February 27, 2018
Increasing stability of training of Deep CNNs with Stochastic Gradient Descent method. Application to Image classification tasks
Jenny Benois-Pineau, University of Bordeaux
Supervised learning for classification of visual data has been the major approach during the last two decades. With adventure of GPUs, the well-known supervised classifiers such as Artificial Neural Networks (ANN) came up for these problems.
A specific case of ANNs represent the Convolutional Neural Networks (CNN) designed specifically for visual information classification, such as object recognition and localization, visual tracking, saliency prediction and image categorization. On the contrary to usual fully connected Artificial Neural Networks, their main characteristic is the limitation of receptive field of neurons using convolution operation and subsequent data reduction by pooling of features. Stacking convolution , pooling and non-linearity layers in deeper and deeper architectures such classifiers as AlexNet, VGG, GoogleNet, ResNet have been built.

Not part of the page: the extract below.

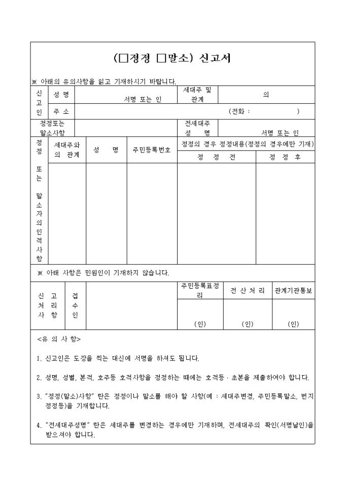 9,000원/월정정,말소를 신고할 때 사용하는 양식입니다.신고인정보와 정정 또는 말소자의 인정사항과 신고처리사항등을 기입하도록 되어 있습니다.

Training of Deep CNNs requires a large amount of labelled data and despite the availability of computational resources represent a heavy task. For parameter optimisation first-order methods such as Gradient descent are used, namely stochastic gradient descent (SGD). The conditions of convergence of these optimizers, i.e. the convexity of objective functions is not guaranteed. This is why different forms of SGD have been proposed.
Still, the optimisation process remains instable and therefore , it is difficult to identify stopping iteration number.
In our talk we will present main principles of Deep CNNs for image classification tasks and develop an approach we propose to smooth objective when training. We study it experimentally and present results on a well-known image database from MNIST.
(with A. Zemmari ( LABRI UMR 5800, University of Bordeaux )